### WHAT IS REQUIRED
The lines from the top of the material below through the line containing "- NON cercare" are to be printed exactly, with pictures omitted.

### INFORMATION PROVIDED
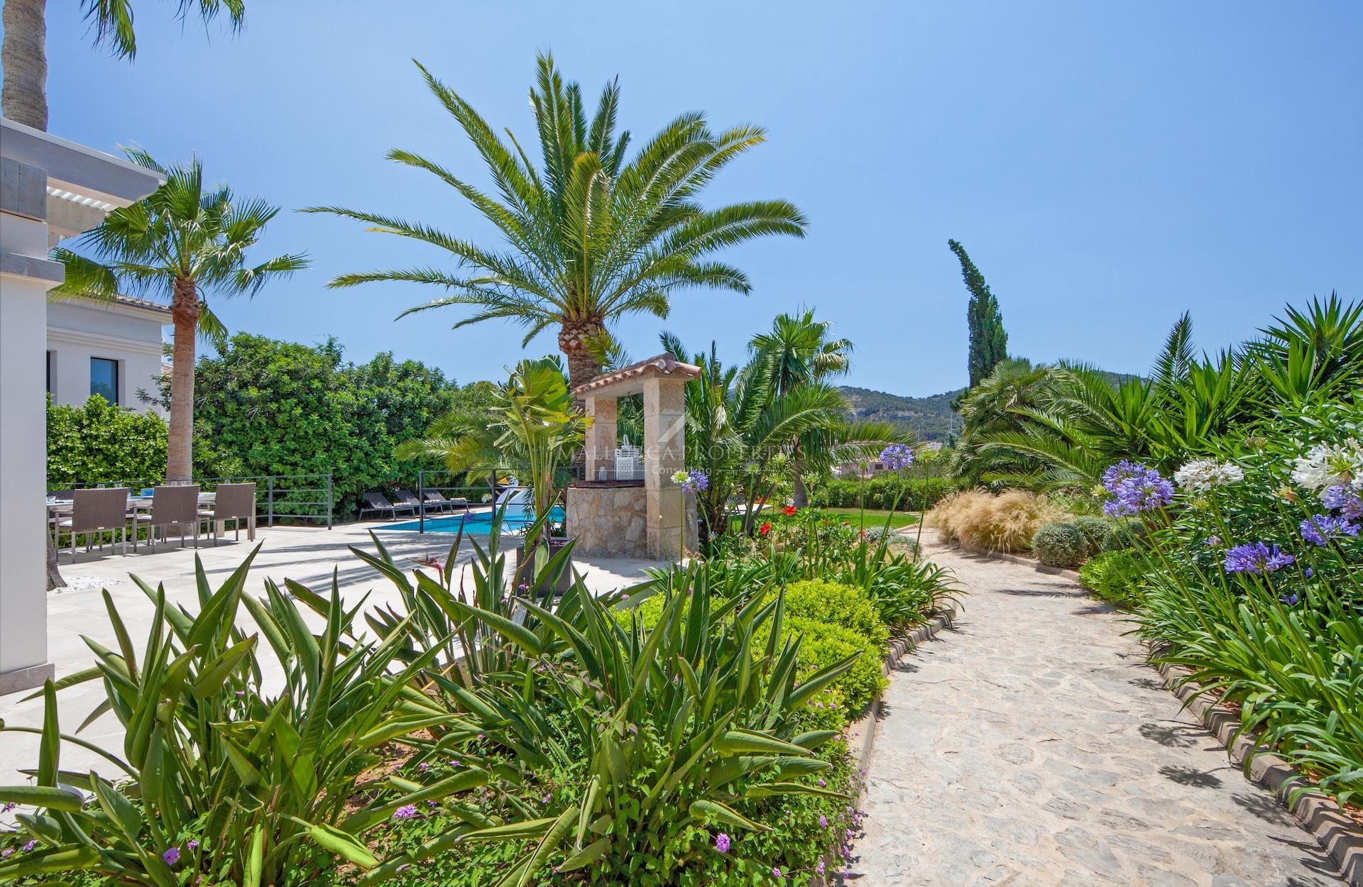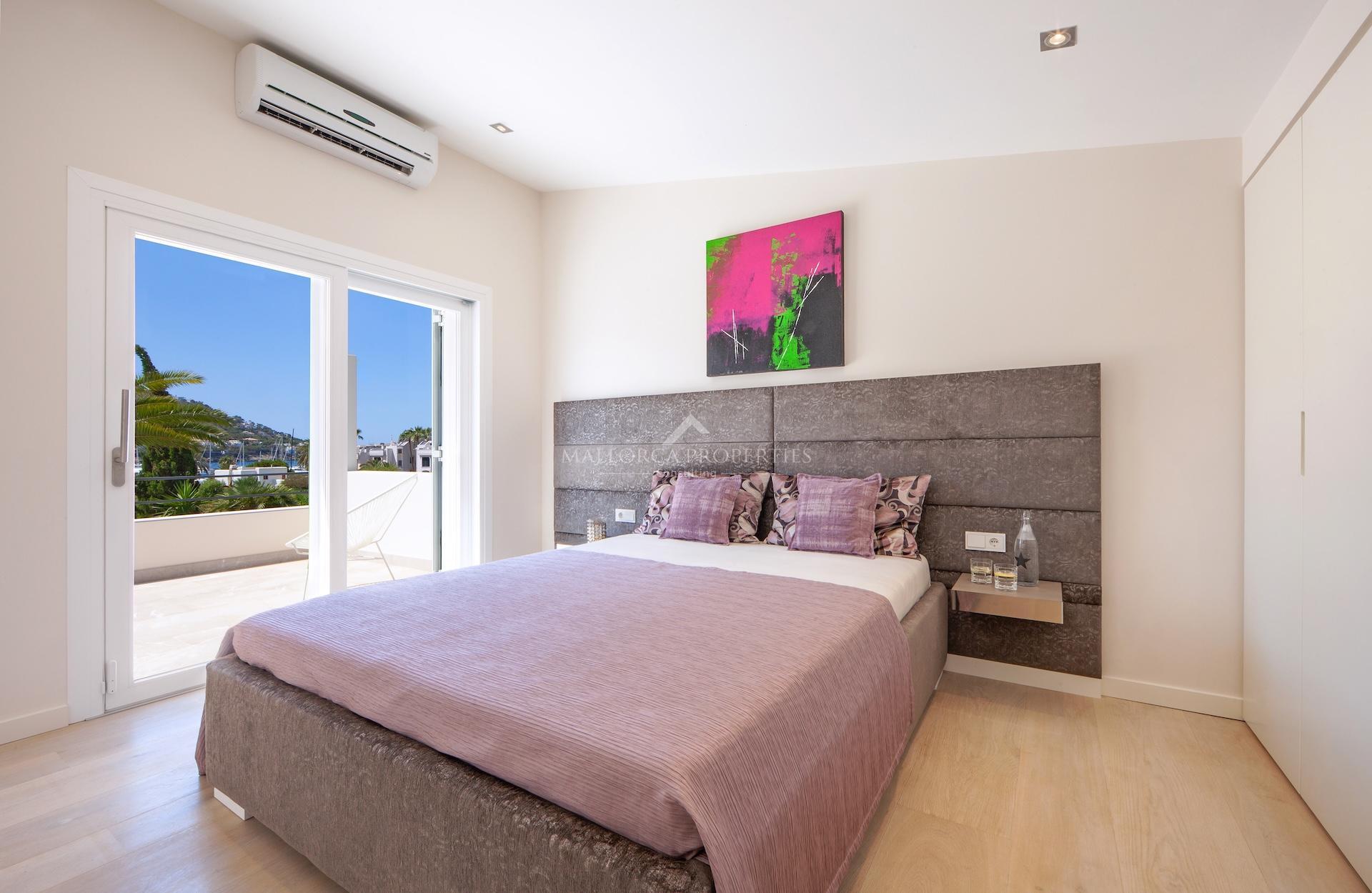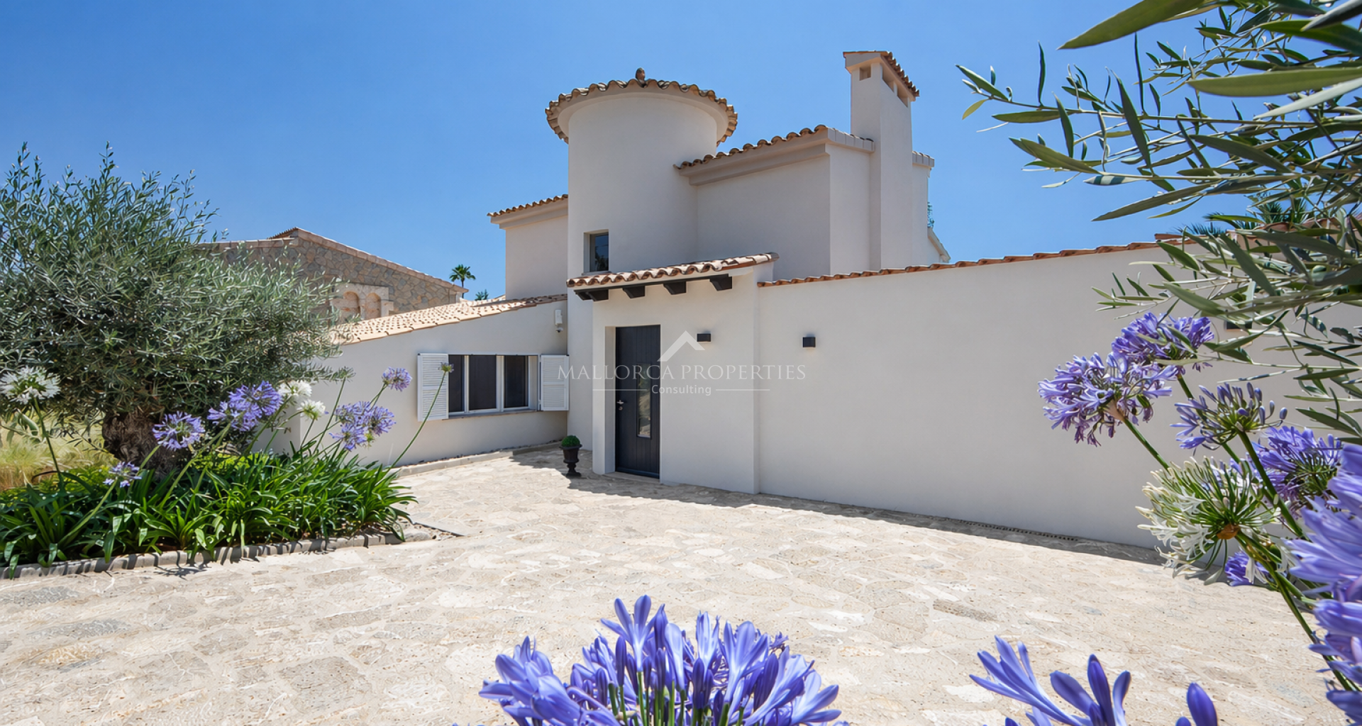 Versteckt am Ende einer ruhigen Sackgasse gelegen, bietet diese wunderschön renovierte Finca ein hohes Maß an Privatsphäre sowie einen herrlichen Blick auf den Hafen von Port Andratx. Die Immobilie verbindet traditionellen Charme mit modernem Design und wurde mit viel Sorgfalt modernisiert, um helle, elegante Wohnräume zu schaffen, die sowohl stilvoll als auch einladend wirken. Auf einem Grundstück von ca. 1.066 m² gelegen, ist die Finca von einem großzügigen, mit Palmen bepflanzten Garten umgeben, der das Leben im Freien auf höchstem Niveau ermöglicht – sei es beim Entspannen im Schatten, beim Empfangen von Gästen oder beim ganzjährigen Genießen des mediterranen Klimas. Im Inneren wurden ca. 154 m² Wohnfläche sorgfältig neu gestaltet und durch zusätzliche ca. 220 m² vielseitig nutzbare Fläche ergänzt, die flexible Möglichkeiten für Stauraum, Freizeit oder individuelle Anpassungen bieten.
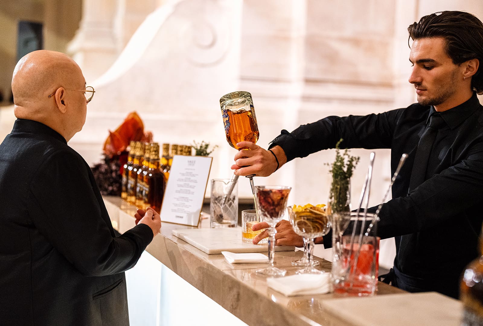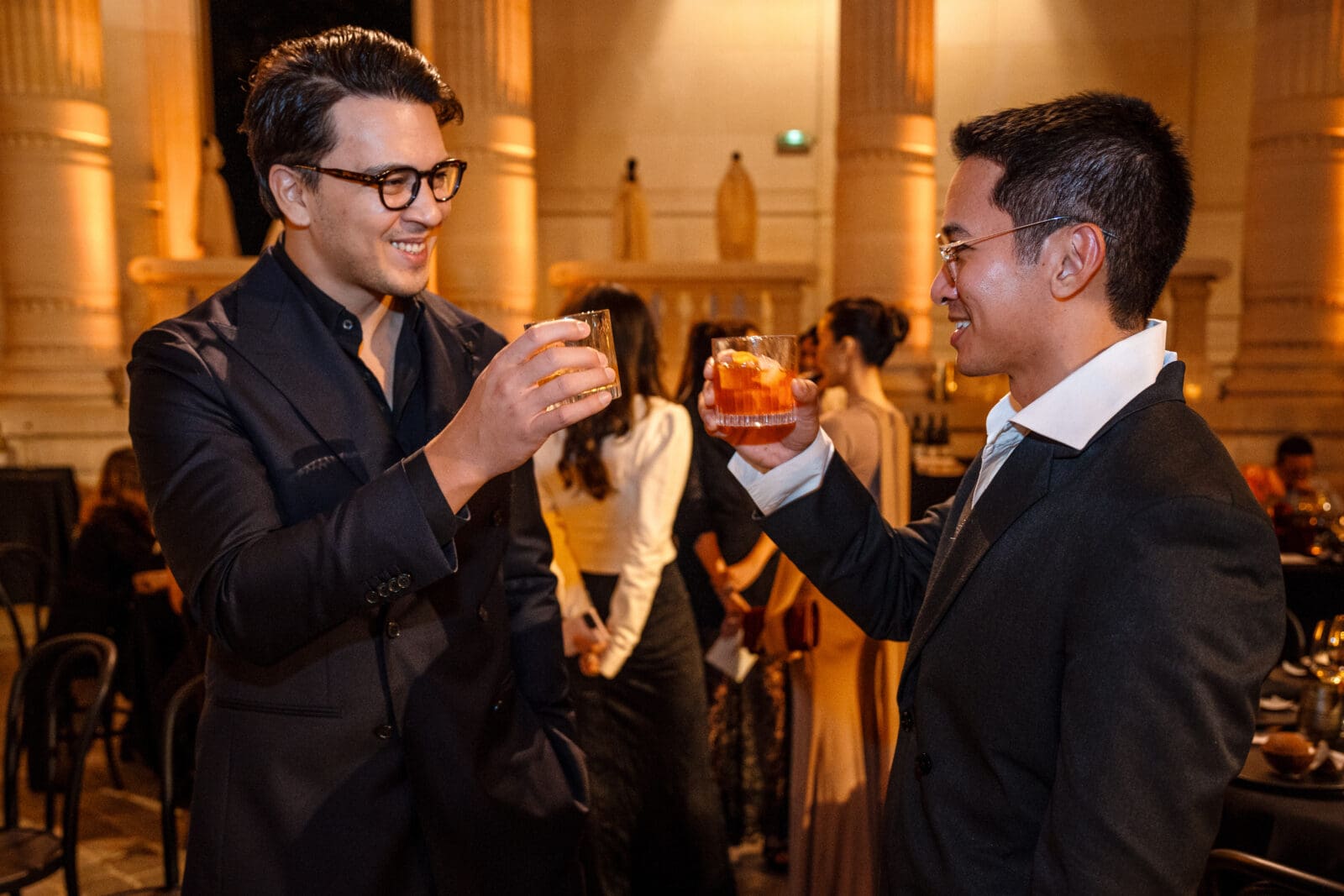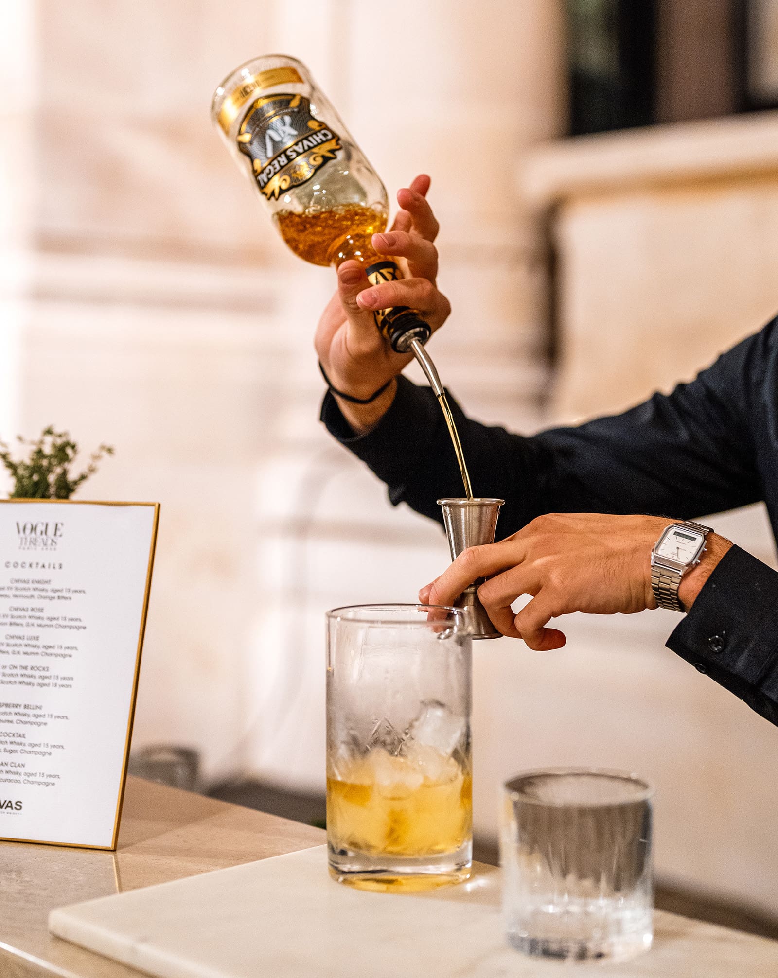Just past the photocall, attendees are then welcomed by garçons offering a selection of drinks tailored for the evening’s festivities. Flacons of Chivas XV are also seen decorating the dining hall both along the tablescapes as well as the golden mobile bar.
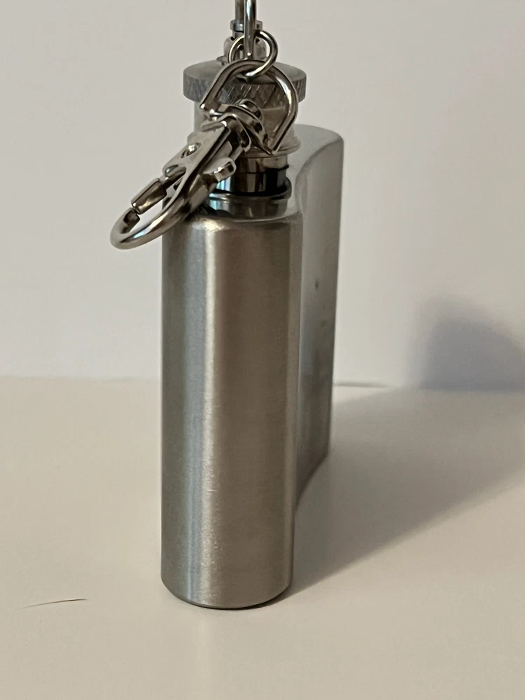 Set Includes: Flask Item Height: 3 inches Seller Notes: “Nice condition” Features: Leak Proof, Lightweight, Washable Type: key chain Brand: Unbranded Material: Stainless Steel Color: Silver Shape: Square
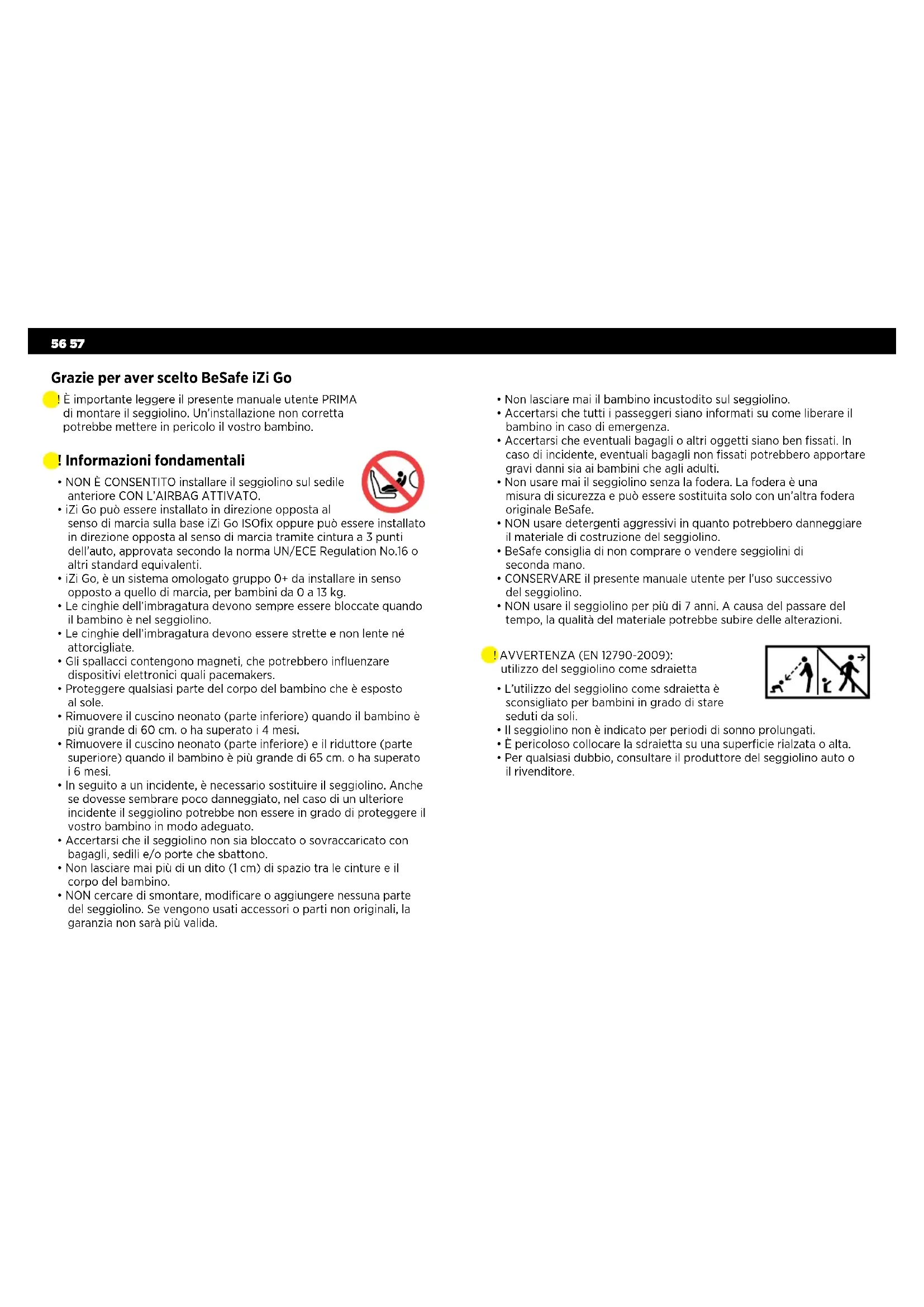 - NON cercare di smontare, modificare o aggiungere nessuna parte del seggiolino. Se vengono usati accessori o parti non originali, la garanzia non sarà più valida. Grazie per aver scelto BeSafe iZi Go ! È importante leggere il presente manuale utente PRIMA di montare il seggiolino. Un’installazione non corretta potrebbe mettere in pericolo il vostro bambino. ! AVVERTENZA (EN 12790-2009): utilizzo del seggiolino come sdraietta
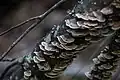 East Gippsland's Eucalyptus nitens forest biomass contains at least 700 (and possibly up to 2000) tonnes carbon per hectare ("green carbon") above ground.[6] Recovery of the carbon debt from clearing intact natural eucalypt forests through afforestation or reforestation takes more than 100 years.[7] Research into the age class structure of Brown Mountain's trees and the forest's carbon capacity is ongoing. 85% of the wood harvested in Victoria's forests is converted to woodchip (mostly for use in paper), sawdust and waste.

### WRITTEN SOLUTION
 Versteckt am Ende einer ruhigen Sackgasse gelegen, bietet diese wunderschön renovierte Finca ein hohes Maß an Privatsphäre sowie einen herrlichen Blick auf den Hafen von Port Andratx. Die Immobilie verbindet traditionellen Charme mit modernem Design und wurde mit viel Sorgfalt modernisiert, um helle, elegante Wohnräume zu schaffen, die sowohl stilvoll als auch einladend wirken. Auf einem Grundstück von ca. 1.066 m² gelegen, ist die Finca von einem großzügigen, mit Palmen bepflanzten Garten umgeben, der das Leben im Freien auf höchstem Niveau ermöglicht – sei es beim Entspannen im Schatten, beim Empfangen von Gästen oder beim ganzjährigen Genießen des mediterranen Klimas. Im Inneren wurden ca. 154 m² Wohnfläche sorgfältig neu gestaltet und durch zusätzliche ca. 220 m² vielseitig nutzbare Fläche ergänzt, die flexible Möglichkeiten für Stauraum, Freizeit oder individuelle Anpassungen bieten.
Just past the photocall, attendees are then welcomed by garçons offering a selection of drinks tailored for the evening’s festivities. Flacons of Chivas XV are also seen decorating the dining hall both along the tablescapes as well as the golden mobile bar.
 Set Includes: Flask Item Height: 3 inches Seller Notes: “Nice condition” Features: Leak Proof, Lightweight, Washable Type: key chain Brand: Unbranded Material: Stainless Steel Color: Silver Shape: Square
 - NON cercare di smontare, modificare o aggiungere nessuna parte del seggiolino. Se vengono usati accessori o parti non originali, la garanzia non sarà più valida. Grazie per aver scelto BeSafe iZi Go ! È importante leggere il presente manuale utente PRIMA di montare il seggiolino. Un’installazione non corretta potrebbe mettere in pericolo il vostro bambino. ! AVVERTENZA (EN 12790-2009): utilizzo del seggiolino come sdraietta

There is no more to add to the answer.